I was very interested in the Leica DMR as a poor man's digital back - unfortunately a quick comparison test showed me that although image quality was superior I couldn't focus the R8/R9 system reliably with the fast lenses I intended to use, and the viewfinder didn't inspire me.

That was the end of it.


Edmund
Title: Which back is tougher ?
Post by: rljones on September 20, 2006, 11:40:47 pm
Edmund,

645AFD backs do _not_ mount on Pro TL or any other Mamiya manual focus body, nor vice versa.

There are no electronic contacts for the TL series for digital backs.
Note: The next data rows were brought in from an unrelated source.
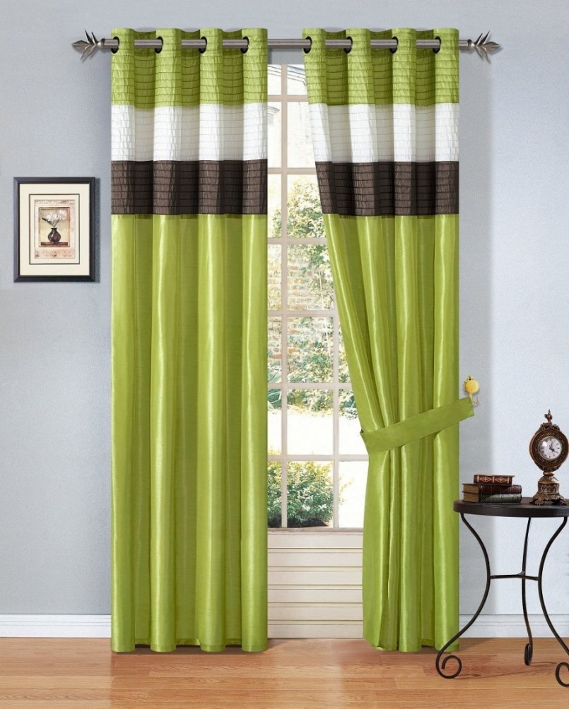 Спектр зелёного цвета в гостиной вписывается в разную стилистику. Психологи отмечают, что зелёные тона успокаивают, умиротворяют. Цвет ранней зелени освежает интерьер. Шторы пастельных тонов зелёного цвета хорошо впишутся в гостиную со столовой.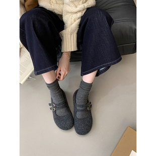 女冬单鞋 内增高毛呢加绒玛丽珍鞋 灰色毛毛鞋 勃肯鞋 浅口 2025新款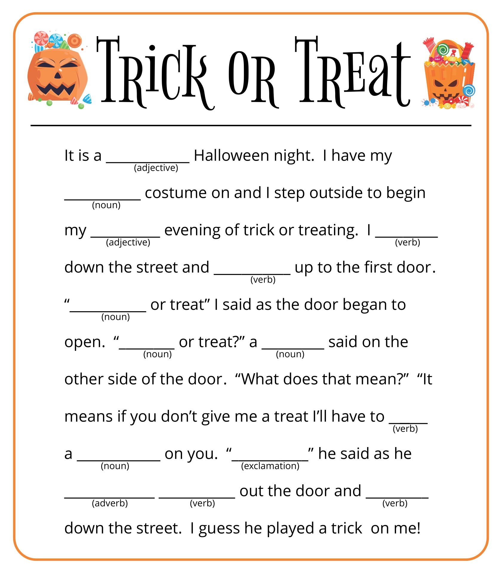 Halloween Mad Lib 15 Free PDF Printables Printablee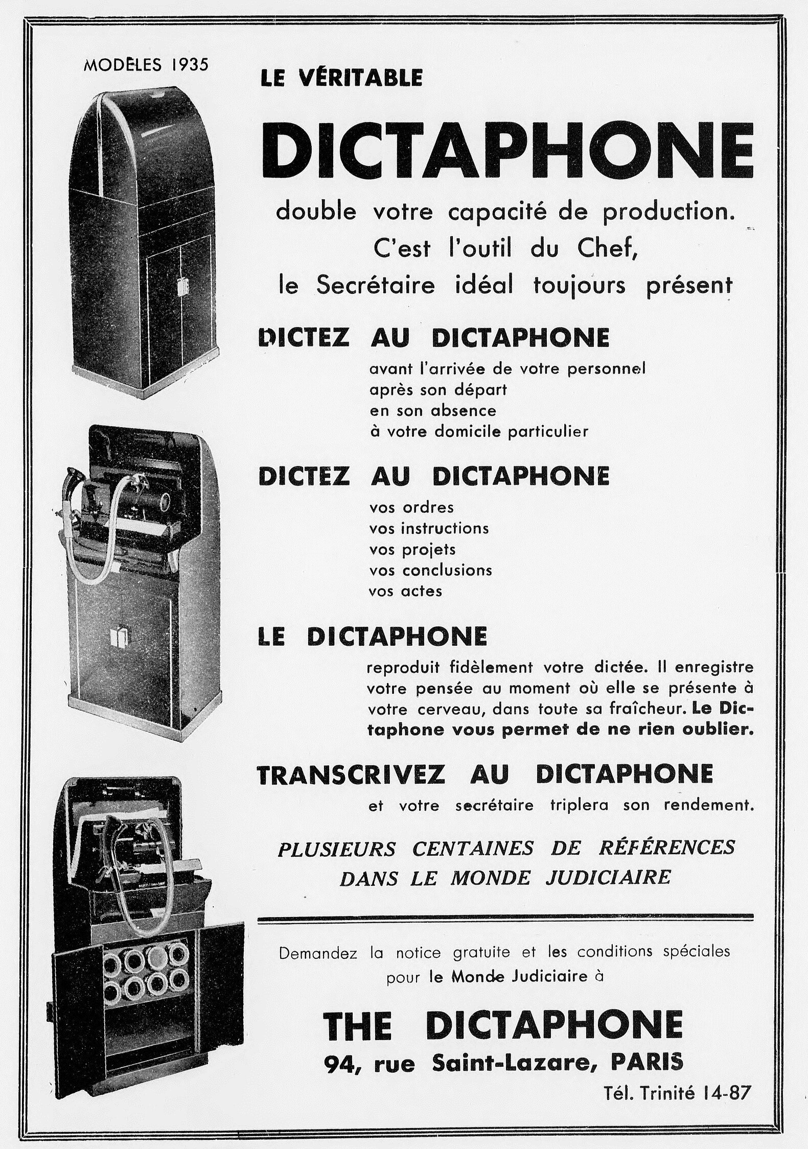 Concernant la Dictaphone Corporation elle a déposé des dizaines de brevets en France. De 1923 à 2013.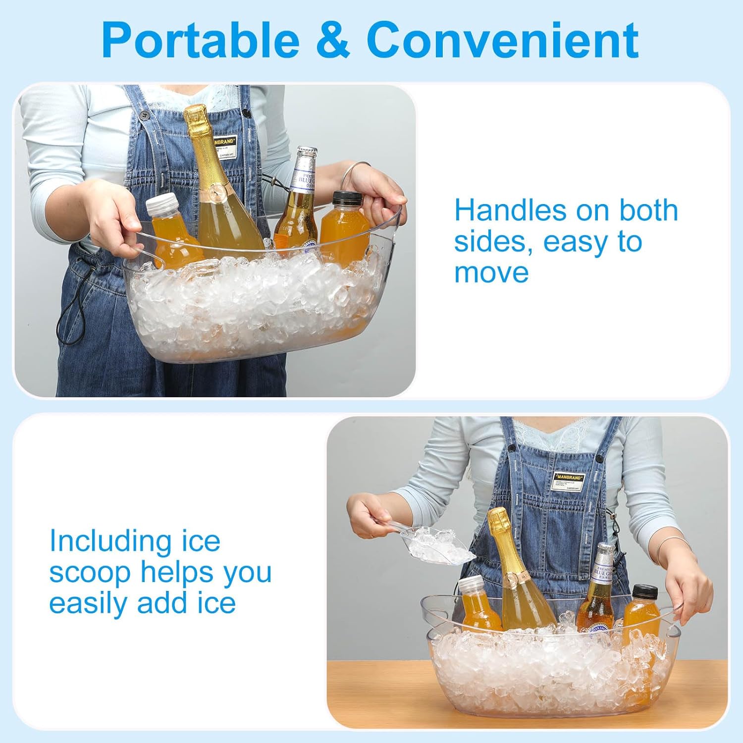 • 【Easy to Move】The handles on both sides of the drink buckets are comfortable, making it easy to move even when filled with wine. The included ice scoop helps you add ice cubes with ease.

The Leaf backs mount either on V-Hassy and RB bodies OR Mamiya AFD (and the AFDii) and RB bodies, but not both. (I do not know about P45 backs; maybe their web site has details).

Any manual focus lens will work on the AFD + digital back while showing focus confirmation. The confirmation is active by pressing the shutter release about 1/2 way. You can hold this position and monitor when the subject hits your pre-focused plane and release. There are triangles on either side of the circle that indicates proper focus; these triangles show which side of the focus plane your subject is on (or which way to move the focus ring).

No shuttered lenses work on the AFD bodies as they do on the Pro TL bodies (unless you raise the mirror first). But it doesn't sound like this feature is so important for you.